**Instructions to follow**
Go to the line with "- L‘installation du" in the entries below and write out every line from there through the line with "マッソニア 知らない間に葉が出てました。 室内入れると具合悪くなるんで、早く開花して落葉してシーズン終わって欲しい…", exactly and without pictures.

**Information supplied**
^^^^^^^^^^^^^^^^
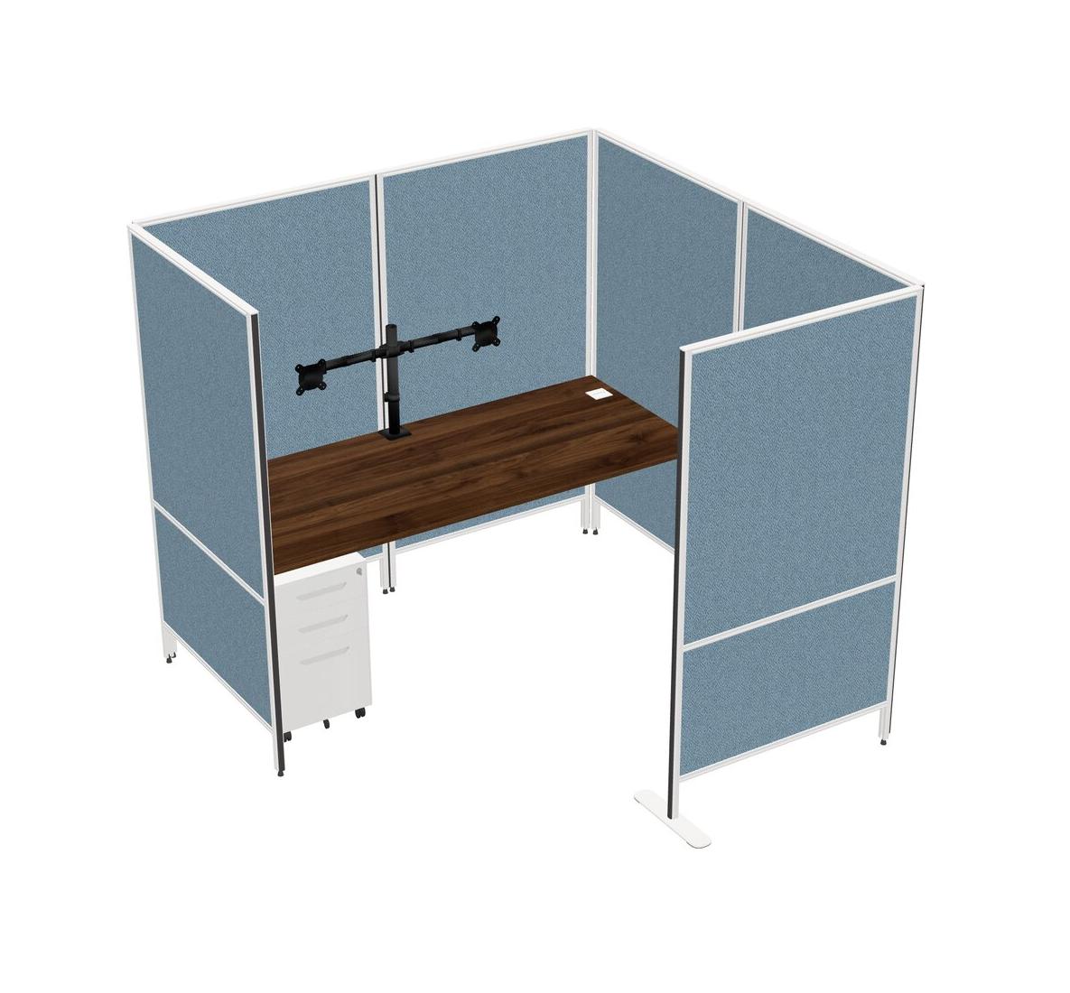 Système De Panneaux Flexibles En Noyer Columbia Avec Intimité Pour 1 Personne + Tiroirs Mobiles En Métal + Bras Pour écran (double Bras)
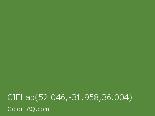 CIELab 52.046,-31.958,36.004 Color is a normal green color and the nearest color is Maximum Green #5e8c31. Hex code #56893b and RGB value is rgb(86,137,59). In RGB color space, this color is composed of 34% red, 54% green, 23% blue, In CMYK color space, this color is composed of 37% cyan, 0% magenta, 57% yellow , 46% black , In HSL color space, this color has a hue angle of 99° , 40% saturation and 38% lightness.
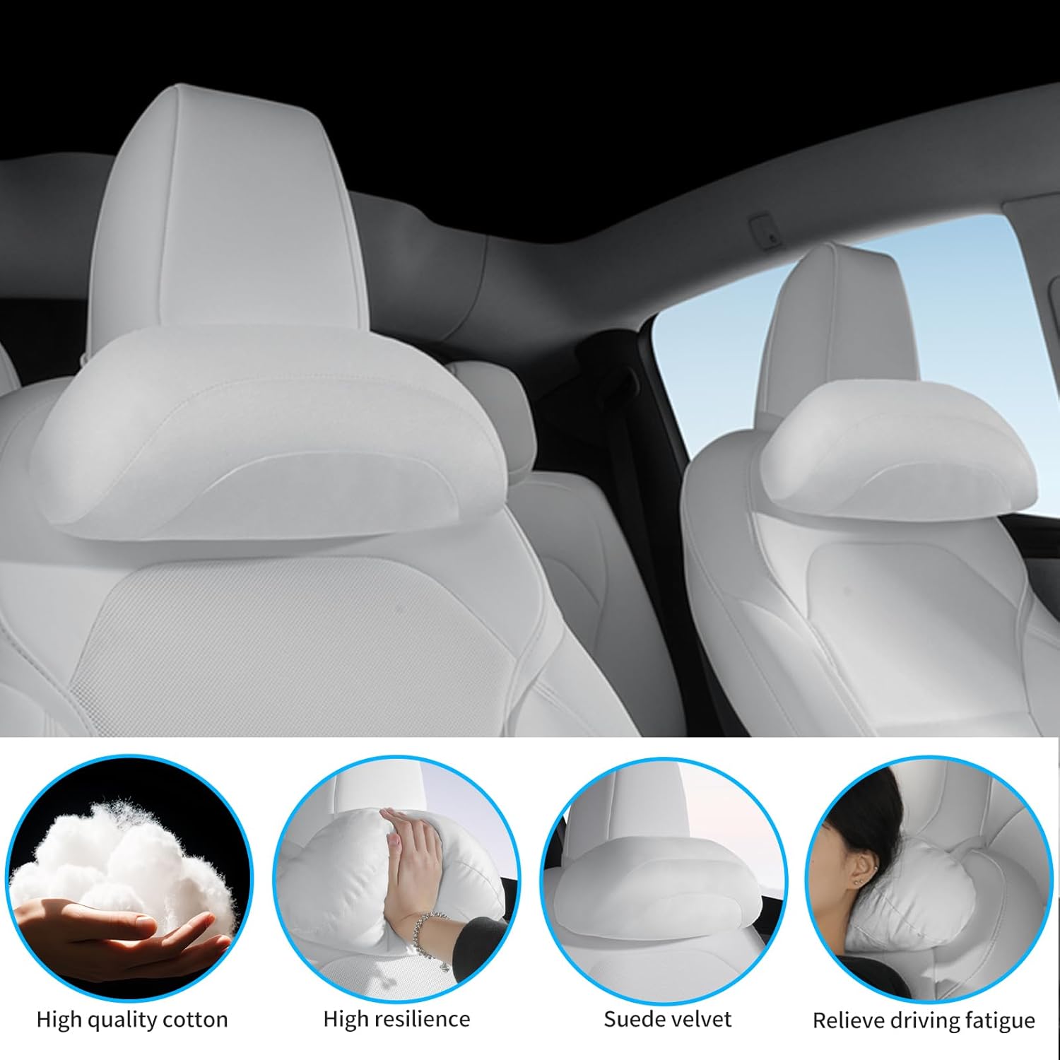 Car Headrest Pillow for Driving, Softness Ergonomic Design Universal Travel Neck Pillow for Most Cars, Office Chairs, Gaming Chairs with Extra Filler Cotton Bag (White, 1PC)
^^^^^^^^^^^^^^^^
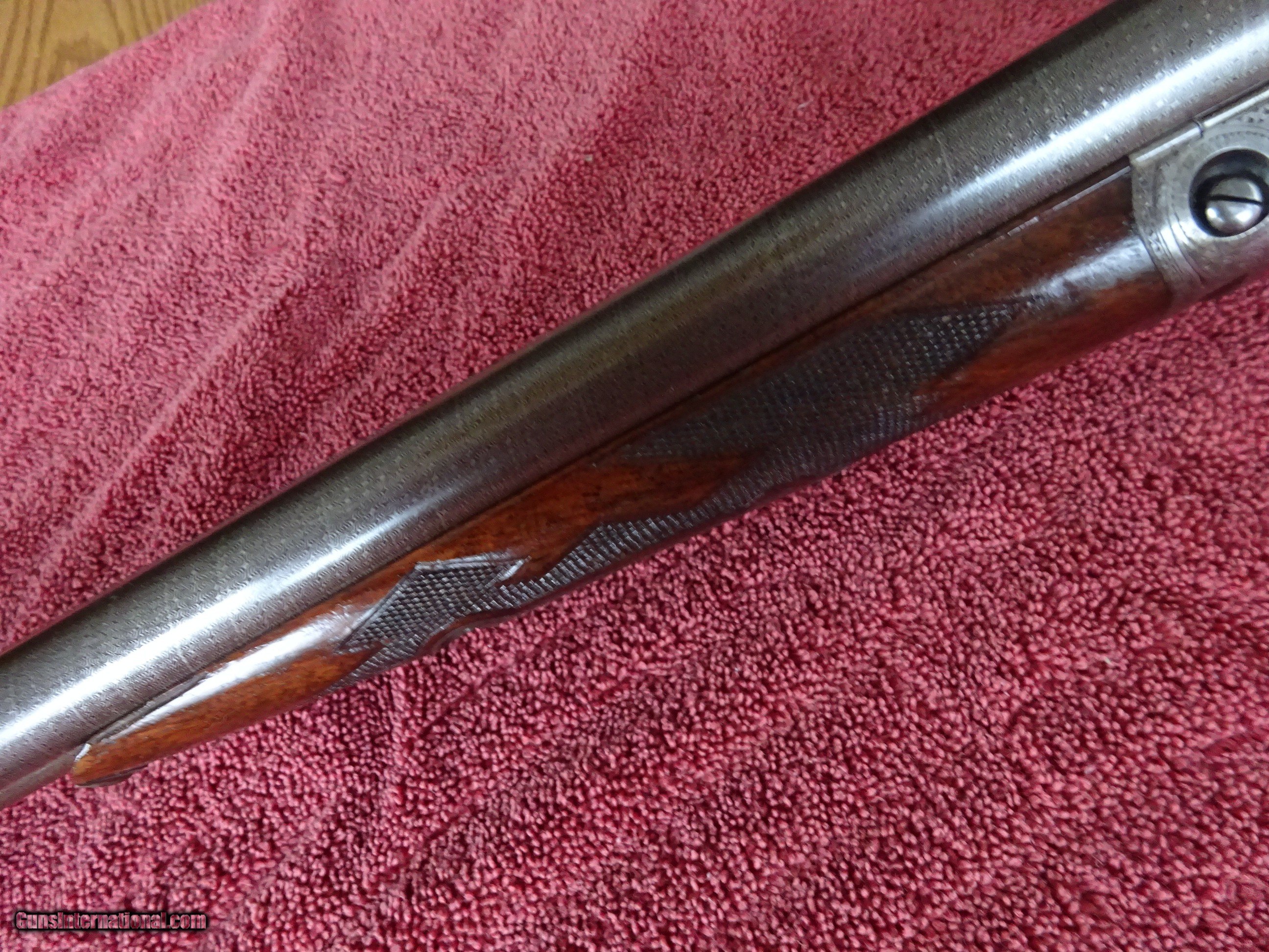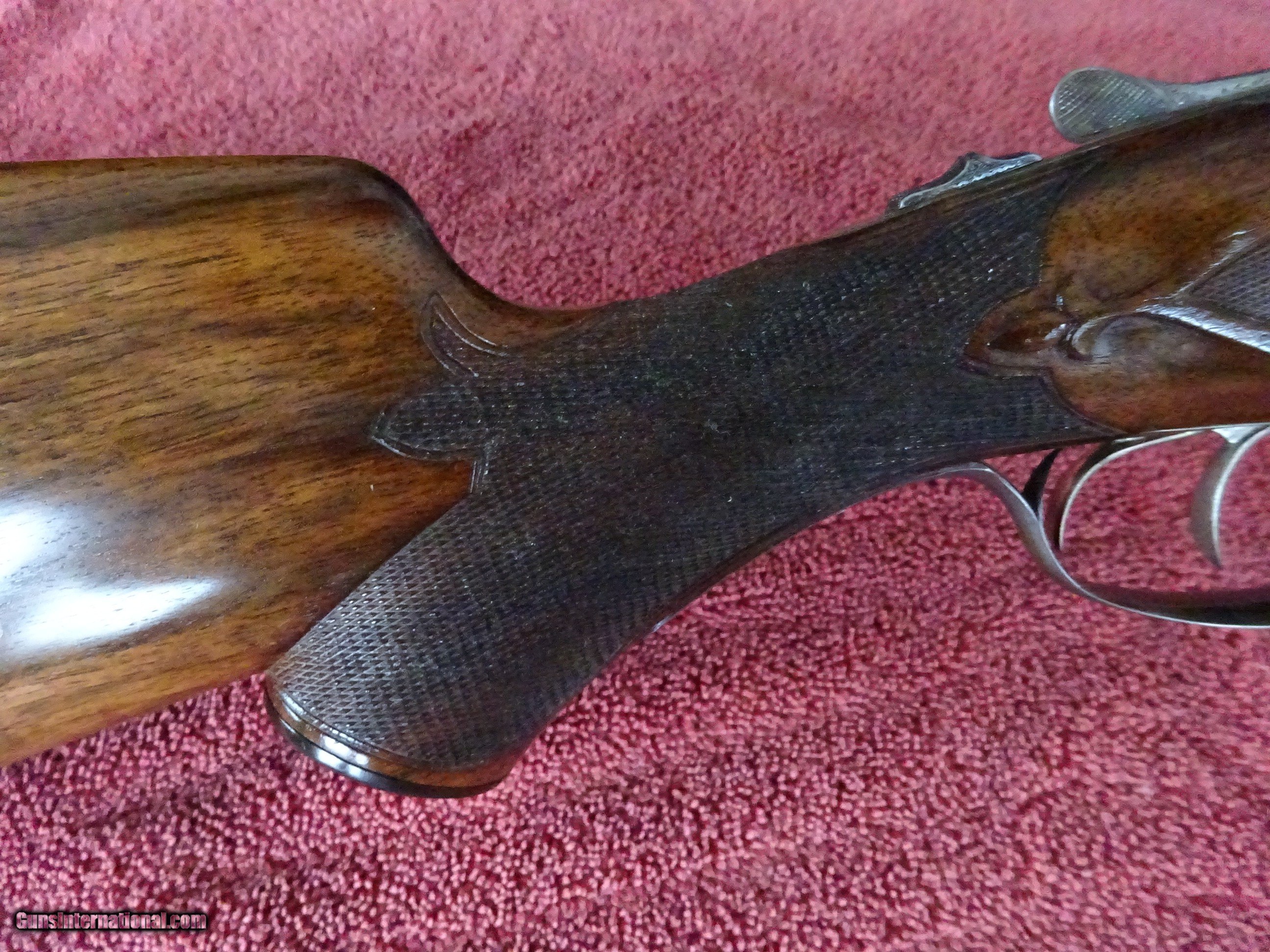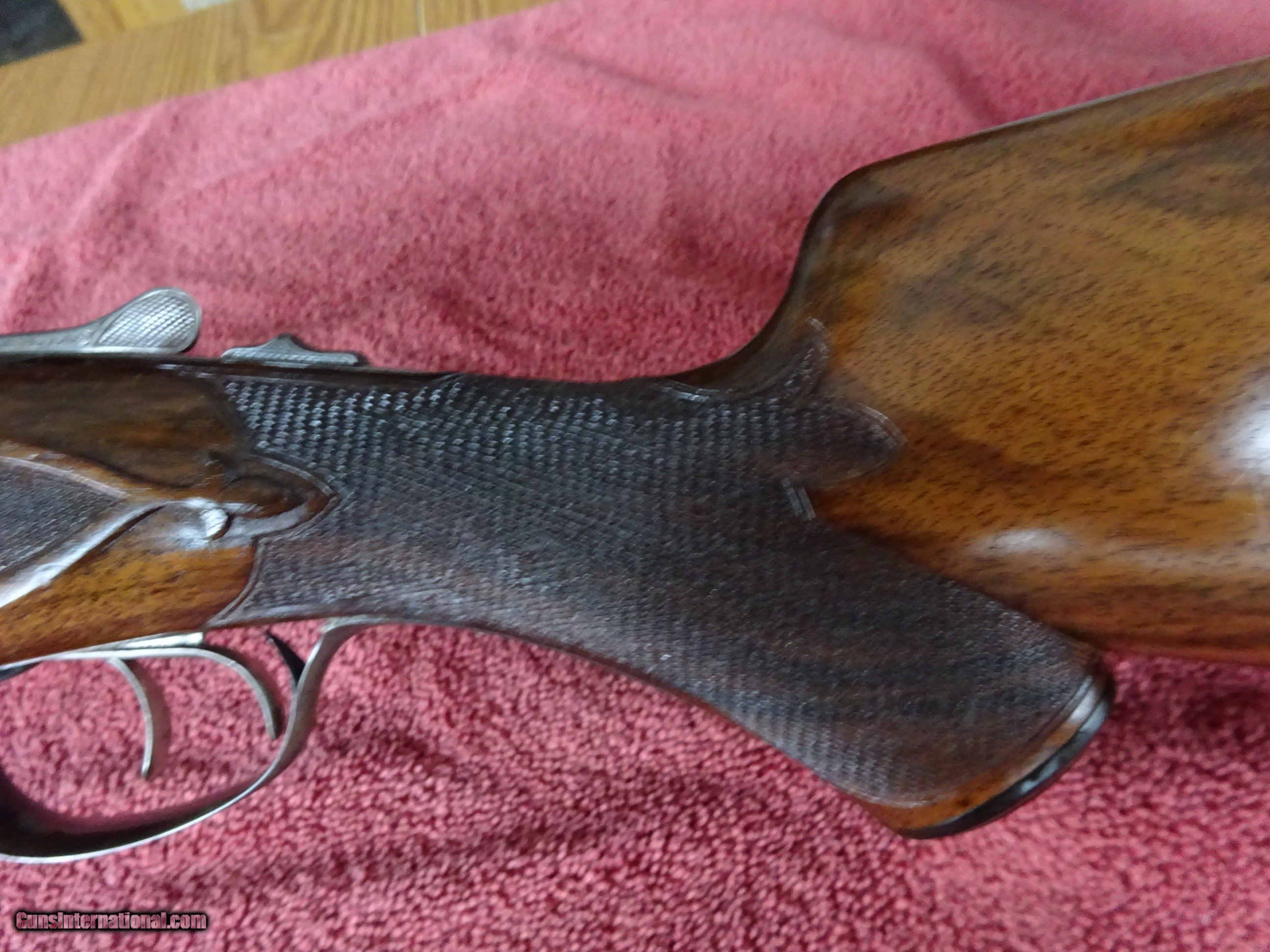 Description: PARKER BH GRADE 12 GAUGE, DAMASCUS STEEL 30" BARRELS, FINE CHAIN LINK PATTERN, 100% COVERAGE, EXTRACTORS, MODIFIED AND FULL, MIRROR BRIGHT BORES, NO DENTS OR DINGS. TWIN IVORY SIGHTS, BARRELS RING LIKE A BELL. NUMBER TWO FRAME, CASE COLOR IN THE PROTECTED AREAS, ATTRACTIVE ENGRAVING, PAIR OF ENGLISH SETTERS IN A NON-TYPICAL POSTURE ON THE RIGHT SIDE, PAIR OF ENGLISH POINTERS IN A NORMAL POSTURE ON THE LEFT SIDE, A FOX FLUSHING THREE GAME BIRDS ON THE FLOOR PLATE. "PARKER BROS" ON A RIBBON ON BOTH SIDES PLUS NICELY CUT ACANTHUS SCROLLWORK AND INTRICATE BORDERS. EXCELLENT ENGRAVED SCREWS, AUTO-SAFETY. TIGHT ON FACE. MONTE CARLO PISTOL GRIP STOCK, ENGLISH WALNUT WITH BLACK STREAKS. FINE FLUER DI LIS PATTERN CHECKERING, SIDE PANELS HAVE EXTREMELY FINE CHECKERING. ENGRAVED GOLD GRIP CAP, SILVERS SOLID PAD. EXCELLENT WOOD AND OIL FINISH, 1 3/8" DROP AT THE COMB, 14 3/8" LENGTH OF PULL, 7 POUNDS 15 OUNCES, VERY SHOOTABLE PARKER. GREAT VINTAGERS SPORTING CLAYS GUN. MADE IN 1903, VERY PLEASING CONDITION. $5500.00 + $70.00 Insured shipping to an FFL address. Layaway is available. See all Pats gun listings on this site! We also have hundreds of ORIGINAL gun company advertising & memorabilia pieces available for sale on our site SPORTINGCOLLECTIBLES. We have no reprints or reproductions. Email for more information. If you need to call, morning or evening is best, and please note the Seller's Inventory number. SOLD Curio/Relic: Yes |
^^^^^^^^^^^^^^^^
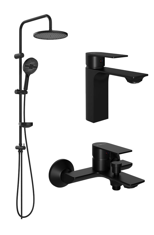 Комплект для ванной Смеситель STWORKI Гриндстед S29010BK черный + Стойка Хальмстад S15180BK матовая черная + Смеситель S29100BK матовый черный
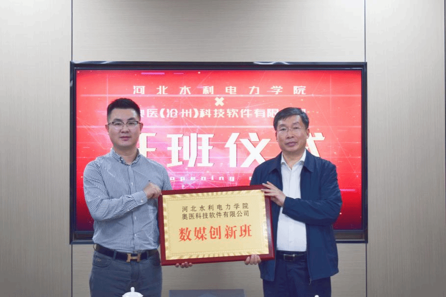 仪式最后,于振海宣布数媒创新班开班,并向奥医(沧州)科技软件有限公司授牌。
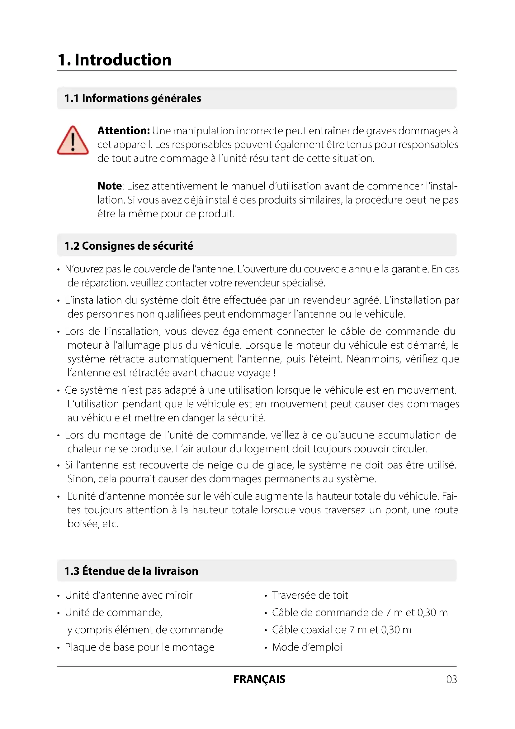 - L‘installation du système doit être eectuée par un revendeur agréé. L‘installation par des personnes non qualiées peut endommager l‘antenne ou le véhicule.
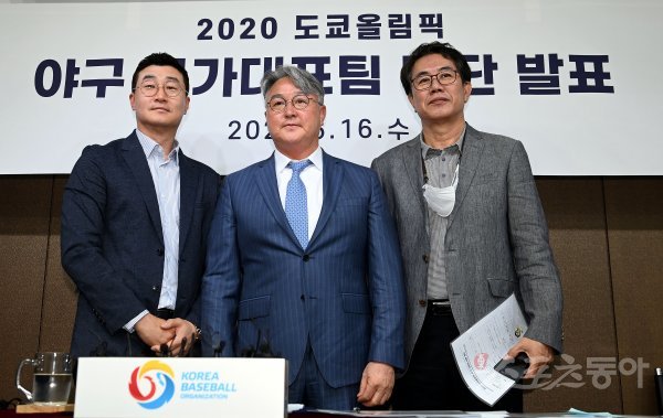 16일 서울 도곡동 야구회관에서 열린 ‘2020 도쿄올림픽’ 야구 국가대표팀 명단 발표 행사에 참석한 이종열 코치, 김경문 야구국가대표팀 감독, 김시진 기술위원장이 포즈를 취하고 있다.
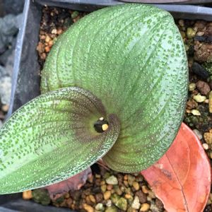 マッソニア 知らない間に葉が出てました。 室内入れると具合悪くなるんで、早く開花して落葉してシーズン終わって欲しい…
^^^^^^^^^^^^^^^^
**Result for this exercise**
 - L‘installation du système doit être eectuée par un revendeur agréé. L‘installation par des personnes non qualiées peut endommager l‘antenne ou le véhicule.
 16일 서울 도곡동 야구회관에서 열린 ‘2020 도쿄올림픽’ 야구 국가대표팀 명단 발표 행사에 참석한 이종열 코치, 김경문 야구국가대표팀 감독, 김시진 기술위원장이 포즈를 취하고 있다.
 マッソニア 知らない間に葉が出てました。 室内入れると具合悪くなるんで、早く開花して落葉してシーズン終わって欲しい…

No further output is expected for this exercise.